AIM OF THE EXERCISE: With the line containing "ONU(回線終端装置)の[E" as the final line, restate exactly every line of the data below from the first one onward, and copy no pictures.

§

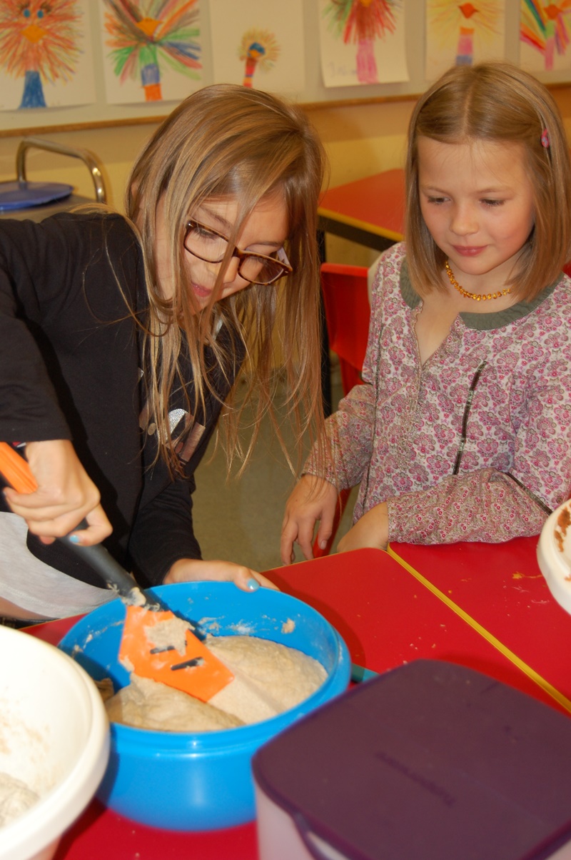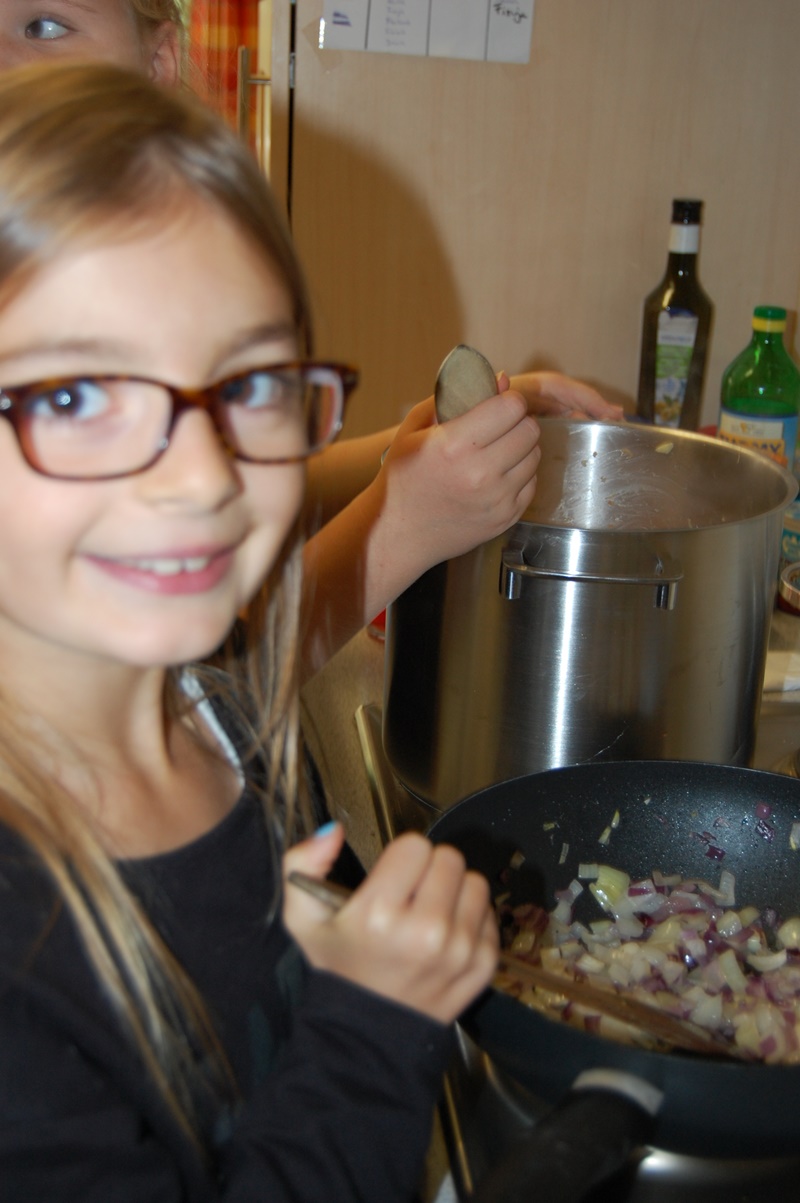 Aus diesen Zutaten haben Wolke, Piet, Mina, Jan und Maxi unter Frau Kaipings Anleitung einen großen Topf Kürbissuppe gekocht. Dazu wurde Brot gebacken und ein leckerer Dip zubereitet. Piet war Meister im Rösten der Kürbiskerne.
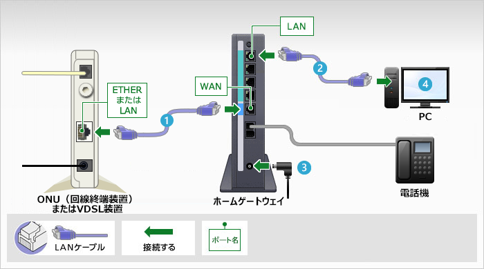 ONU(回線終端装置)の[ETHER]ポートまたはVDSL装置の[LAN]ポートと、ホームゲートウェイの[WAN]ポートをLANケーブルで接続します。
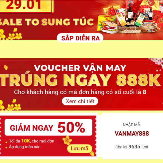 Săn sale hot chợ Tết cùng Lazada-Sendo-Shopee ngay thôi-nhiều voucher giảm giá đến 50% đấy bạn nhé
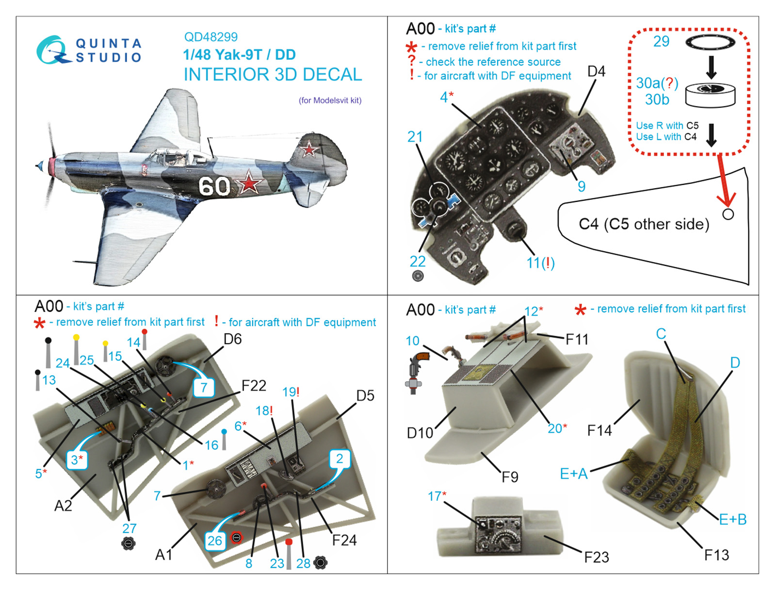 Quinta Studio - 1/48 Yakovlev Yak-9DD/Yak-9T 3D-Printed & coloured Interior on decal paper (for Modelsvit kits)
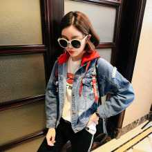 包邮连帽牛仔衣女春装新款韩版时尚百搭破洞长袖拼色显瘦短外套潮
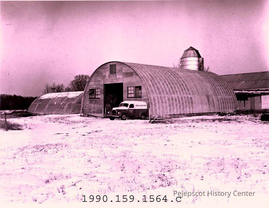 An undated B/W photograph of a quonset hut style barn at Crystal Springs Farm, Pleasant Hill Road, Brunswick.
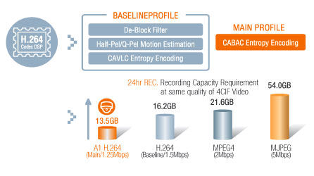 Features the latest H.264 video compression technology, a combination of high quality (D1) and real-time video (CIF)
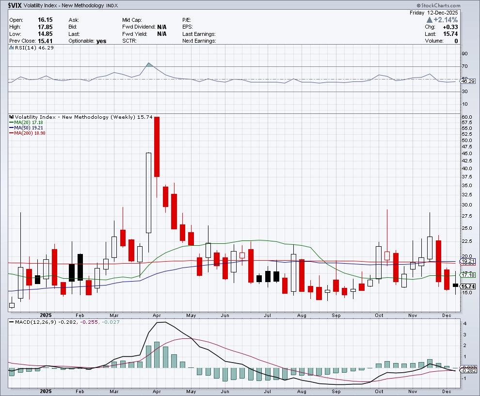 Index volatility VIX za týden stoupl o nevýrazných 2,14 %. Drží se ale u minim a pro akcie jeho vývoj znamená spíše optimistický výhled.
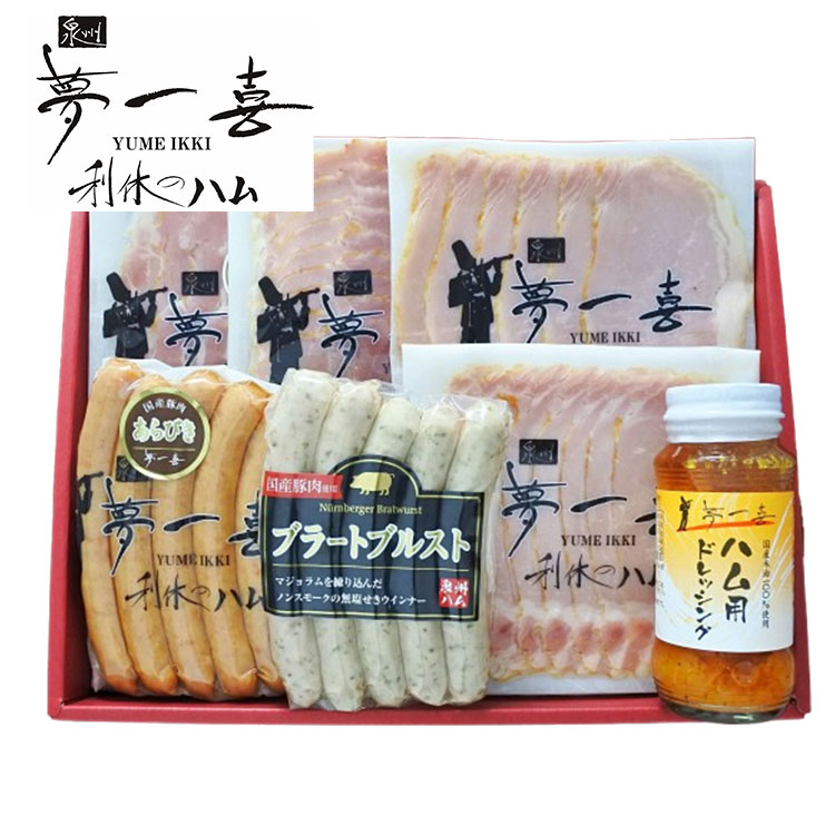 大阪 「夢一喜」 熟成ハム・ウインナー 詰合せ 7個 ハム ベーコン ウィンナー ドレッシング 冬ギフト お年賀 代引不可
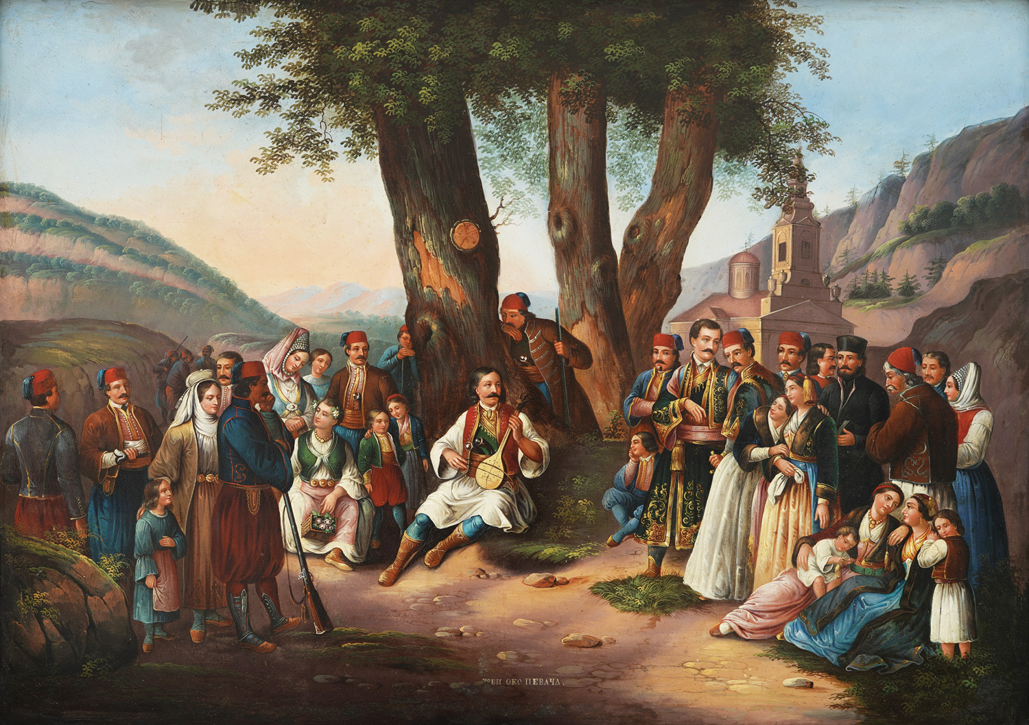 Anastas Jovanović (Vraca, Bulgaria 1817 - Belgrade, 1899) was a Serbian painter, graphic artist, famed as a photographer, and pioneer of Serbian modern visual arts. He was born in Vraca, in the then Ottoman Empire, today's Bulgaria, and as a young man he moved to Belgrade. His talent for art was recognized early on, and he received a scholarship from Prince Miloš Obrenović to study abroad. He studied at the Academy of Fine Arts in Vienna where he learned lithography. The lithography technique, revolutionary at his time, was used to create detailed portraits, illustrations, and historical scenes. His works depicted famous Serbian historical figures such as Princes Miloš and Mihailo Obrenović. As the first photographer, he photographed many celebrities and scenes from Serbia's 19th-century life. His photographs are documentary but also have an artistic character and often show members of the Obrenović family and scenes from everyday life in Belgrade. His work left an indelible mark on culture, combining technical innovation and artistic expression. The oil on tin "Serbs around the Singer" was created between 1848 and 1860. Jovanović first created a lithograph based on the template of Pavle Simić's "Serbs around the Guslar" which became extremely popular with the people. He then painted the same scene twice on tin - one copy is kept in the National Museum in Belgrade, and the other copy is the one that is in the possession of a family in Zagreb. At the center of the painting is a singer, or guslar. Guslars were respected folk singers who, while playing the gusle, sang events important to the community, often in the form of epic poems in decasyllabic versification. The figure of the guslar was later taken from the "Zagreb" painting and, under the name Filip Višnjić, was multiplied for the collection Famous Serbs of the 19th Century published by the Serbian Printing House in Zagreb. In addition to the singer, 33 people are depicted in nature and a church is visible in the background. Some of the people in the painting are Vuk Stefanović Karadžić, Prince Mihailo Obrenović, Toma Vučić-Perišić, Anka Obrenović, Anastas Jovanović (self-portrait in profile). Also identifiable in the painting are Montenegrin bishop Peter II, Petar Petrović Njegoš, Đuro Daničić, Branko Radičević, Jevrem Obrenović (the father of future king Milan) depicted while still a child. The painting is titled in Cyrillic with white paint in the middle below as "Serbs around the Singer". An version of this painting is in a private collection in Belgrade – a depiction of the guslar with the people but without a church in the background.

§

THE ANSWER:
 Aus diesen Zutaten haben Wolke, Piet, Mina, Jan und Maxi unter Frau Kaipings Anleitung einen großen Topf Kürbissuppe gekocht. Dazu wurde Brot gebacken und ein leckerer Dip zubereitet. Piet war Meister im Rösten der Kürbiskerne.
 ONU(回線終端装置)の[ETHER]ポートまたはVDSL装置の[LAN]ポートと、ホームゲートウェイの[WAN]ポートをLANケーブルで接続します。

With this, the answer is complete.